● Collected data:
+++++

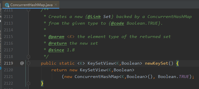 而是 JDK 8 的 ConcurrentHashMap 里面的 newKeySet 方法,C 位出道:
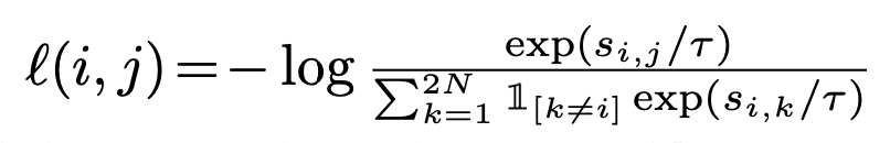여기서 loss는 분자에 유사한 이미지 pair 의 점수, 분모는 자기자신을 제외한 나머지 이미지들, 즉 유사하지 않는 pair들의 점수 가 오게 된다.
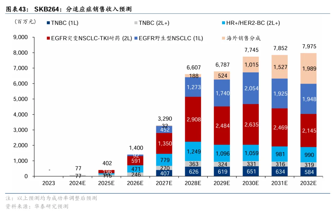 据华泰医药分适应症测算,sac-TMT有望在2032年冲击80亿元的销售峰值。由于有海外销售分成的存在,sac-TMT带来的净利润是相当可观的。
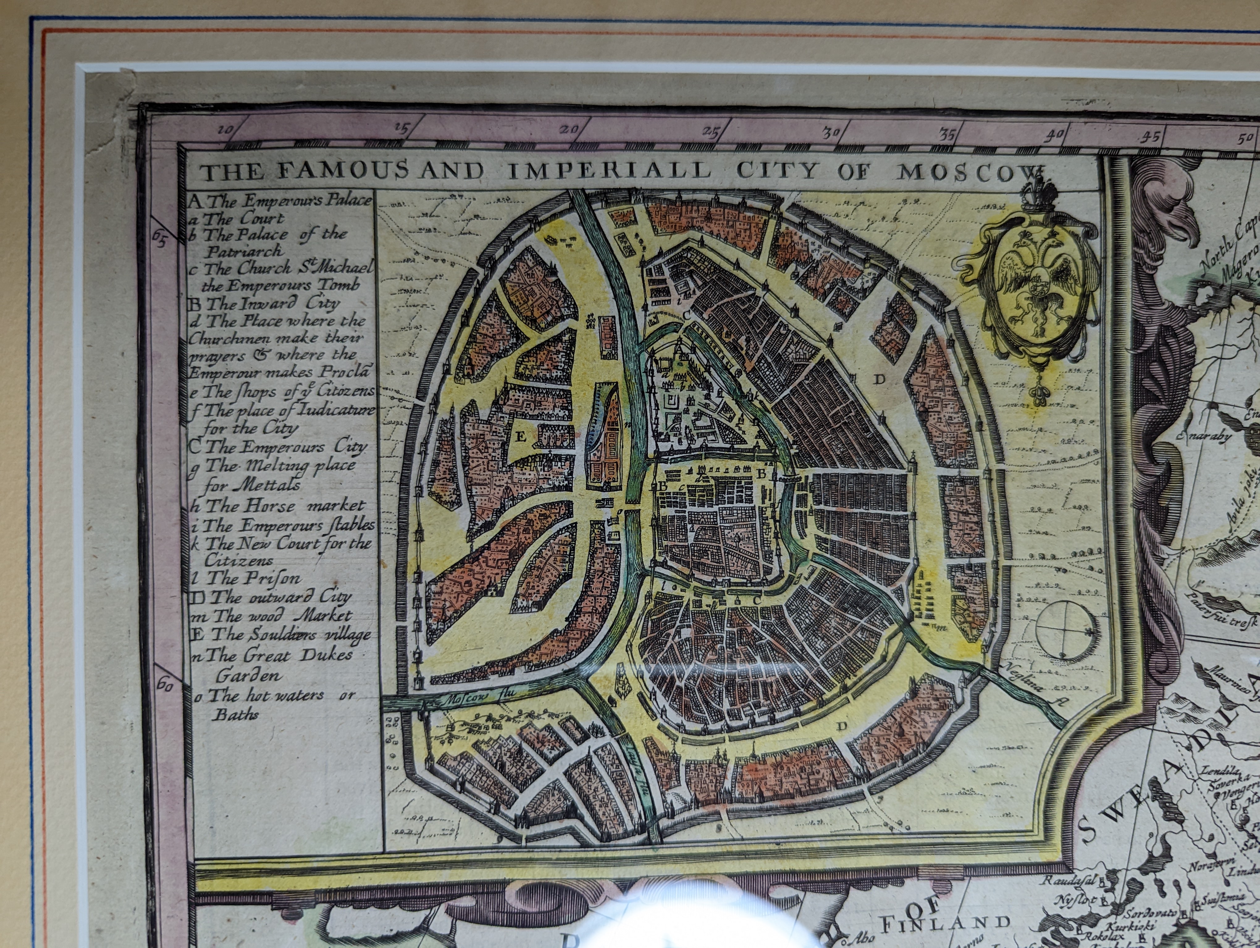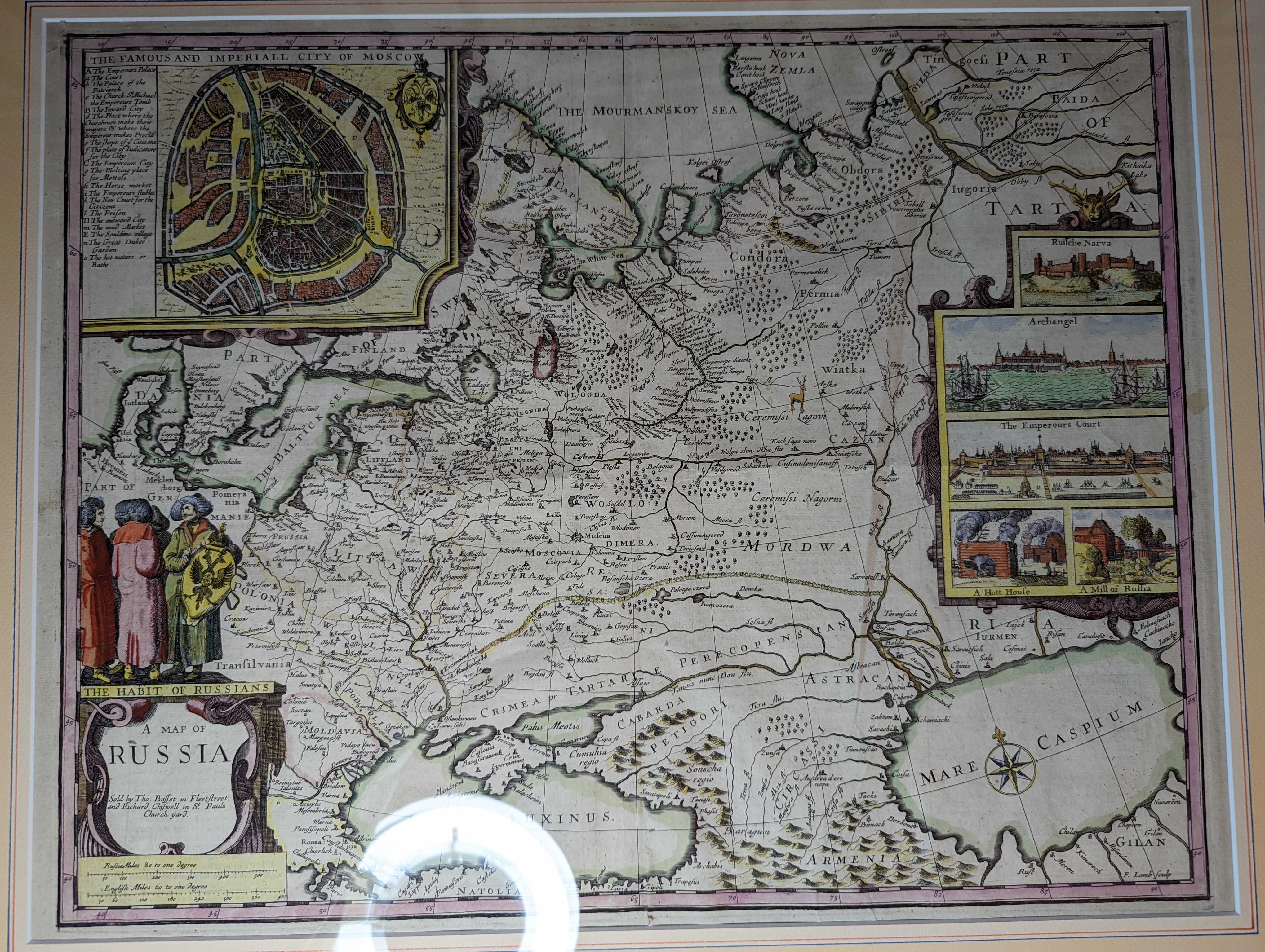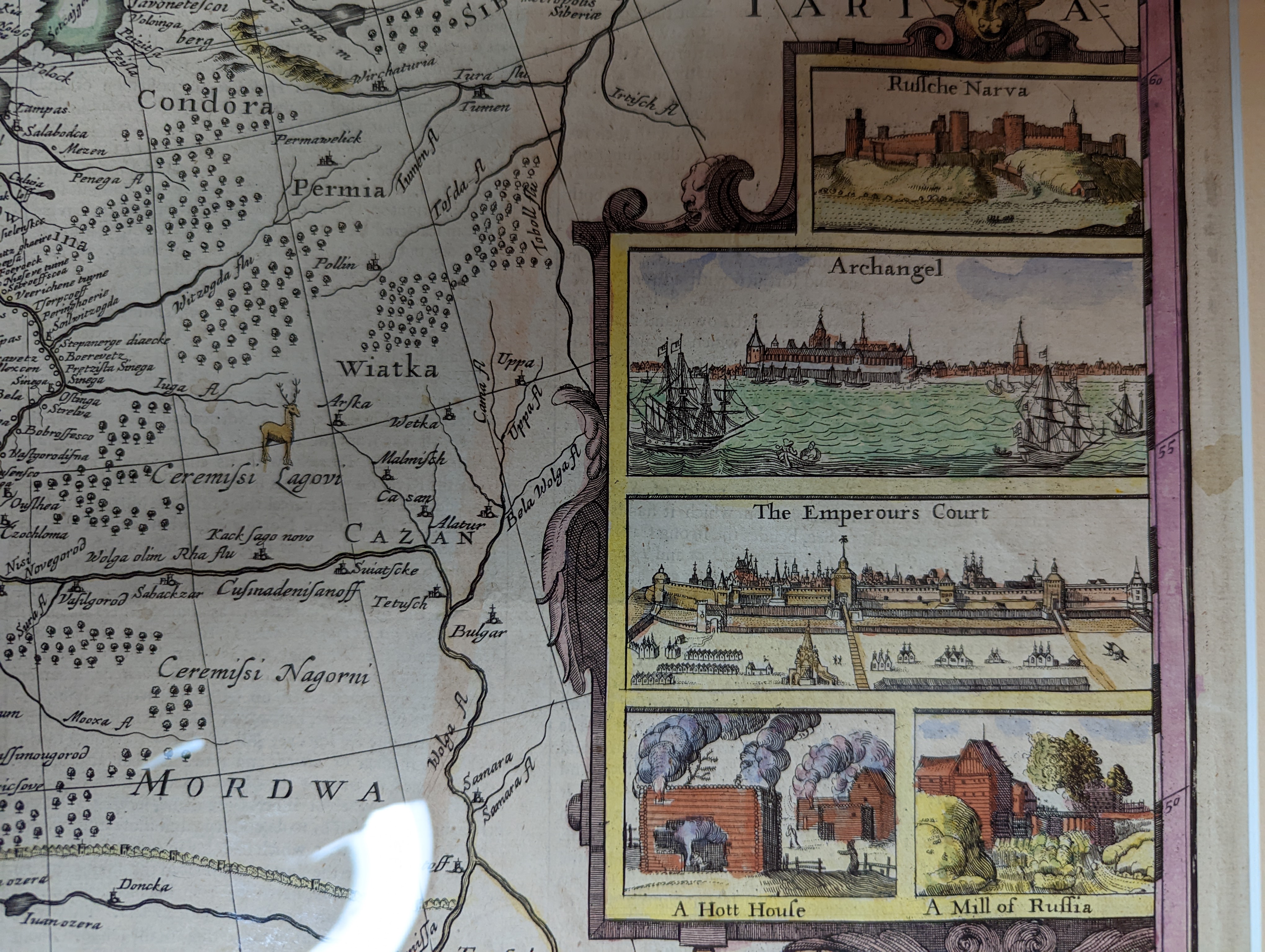 5 insets, Moscow (Braun and Hogenberg) , Russiche Narva, Archangel, The Emperours Court, a Hott House, a Mill of Russia
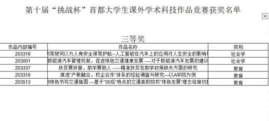 思政部思想會客室在第十屆“挑戰(zhàn)杯”首都大學(xué)生課外學(xué)術(shù)科技作品競賽中,陳慧老師指導(dǎo)的6個參賽作品,5個獲得北京市三等獎獎項。學(xué)院榮獲第十屆“挑戰(zhàn)杯”首都大學(xué)生課外學(xué)術(shù)科技作品競賽“優(yōu)勝杯”獎項。為我院在首都大學(xué)生挑戰(zhàn)杯大賽中帶來新的突破。
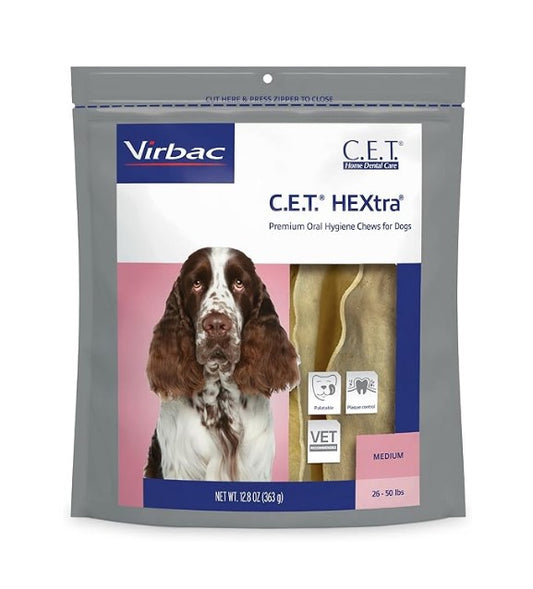 C.E.T. HEXtra Premium Oral Hygiene Chews for Dogs 26-50 Pounds, 30 Count
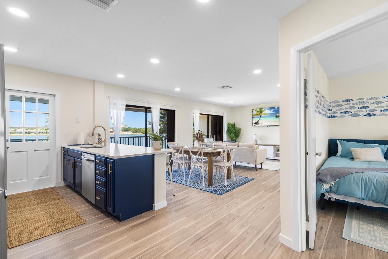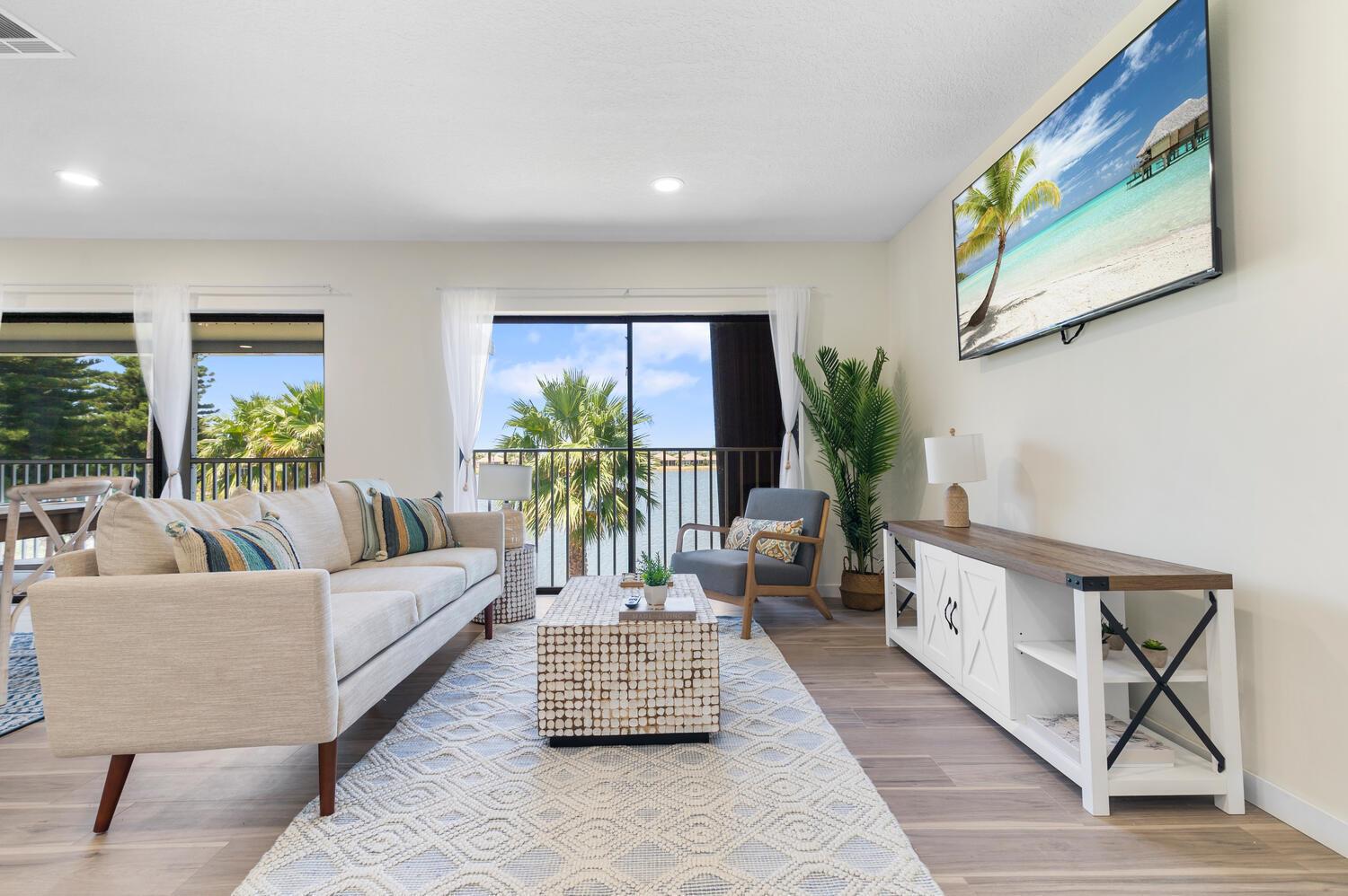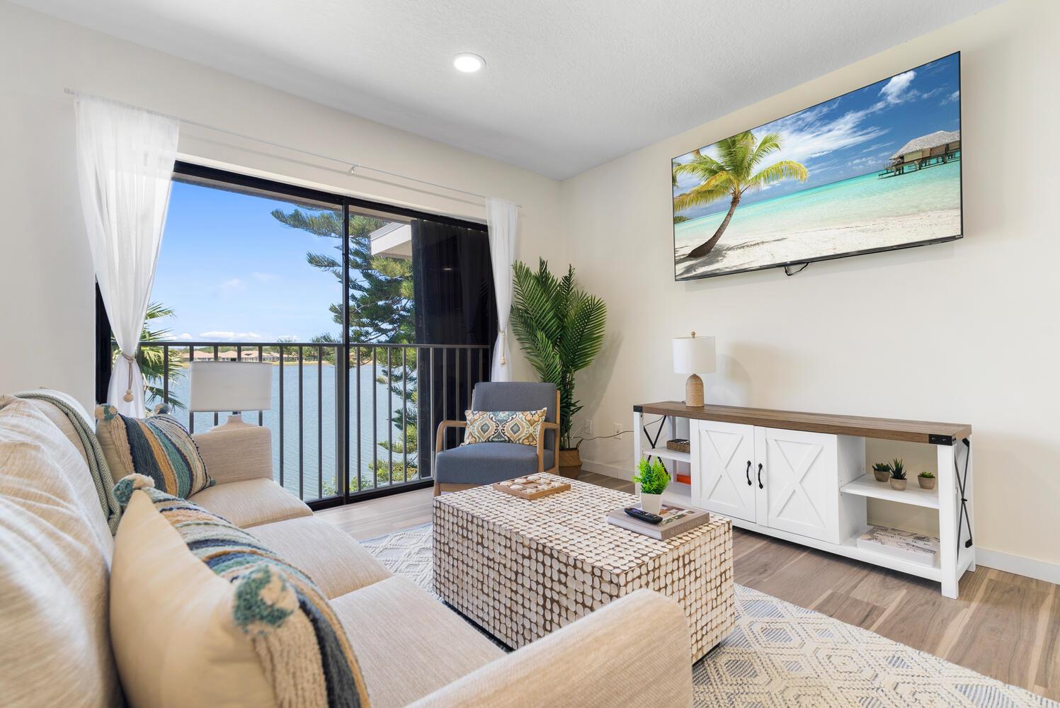 HURRY! Island Dream Opportunity! Yours to use or share the experience for seasonal / short term guests, sold furnished turnkey! INCOME POTENTIAL! Desirable beach home features an immaculate & updated interior w/ coastal blues, soft neutral tones complimented by modern sleek appliances and gold fixtures. The minimalist Zen-like decor & open spaciousness is harmonious with the gorgeous lakefront setting! Take it all in from your living area or the screened patio with coffee or an evening refreshments w/ friends! The ever changing views offer stunning sunrises & sunsets, NASA rocket launches provide remarkable light shows from an hour away, to the natural wildlife that enjoys the lake setting too! Don't miss your chance to embrace the unhurried, tranquil lifestyle of Hutchinson Island!

+++++

● Work task:
Any pictures above are to be left out. Retype the rest of the records exactly.

● Answer to this problem:
 而是 JDK 8 的 ConcurrentHashMap 里面的 newKeySet 方法,C 位出道:
여기서 loss는 분자에 유사한 이미지 pair 의 점수, 분모는 자기자신을 제외한 나머지 이미지들, 즉 유사하지 않는 pair들의 점수 가 오게 된다.
 据华泰医药分适应症测算,sac-TMT有望在2032年冲击80亿元的销售峰值。由于有海外销售分成的存在,sac-TMT带来的净利润是相当可观的。
 5 insets, Moscow (Braun and Hogenberg) , Russiche Narva, Archangel, The Emperours Court, a Hott House, a Mill of Russia
 思政部思想會客室在第十屆“挑戰(zhàn)杯”首都大學(xué)生課外學(xué)術(shù)科技作品競賽中,陳慧老師指導(dǎo)的6個參賽作品,5個獲得北京市三等獎獎項。學(xué)院榮獲第十屆“挑戰(zhàn)杯”首都大學(xué)生課外學(xué)術(shù)科技作品競賽“優(yōu)勝杯”獎項。為我院在首都大學(xué)生挑戰(zhàn)杯大賽中帶來新的突破。
 C.E.T. HEXtra Premium Oral Hygiene Chews for Dogs 26-50 Pounds, 30 Count
 HURRY! Island Dream Opportunity! Yours to use or share the experience for seasonal / short term guests, sold furnished turnkey! INCOME POTENTIAL! Desirable beach home features an immaculate & updated interior w/ coastal blues, soft neutral tones complimented by modern sleek appliances and gold fixtures. The minimalist Zen-like decor & open spaciousness is harmonious with the gorgeous lakefront setting! Take it all in from your living area or the screened patio with coffee or an evening refreshments w/ friends! The ever changing views offer stunning sunrises & sunsets, NASA rocket launches provide remarkable light shows from an hour away, to the natural wildlife that enjoys the lake setting too! Don't miss your chance to embrace the unhurried, tranquil lifestyle of Hutchinson Island!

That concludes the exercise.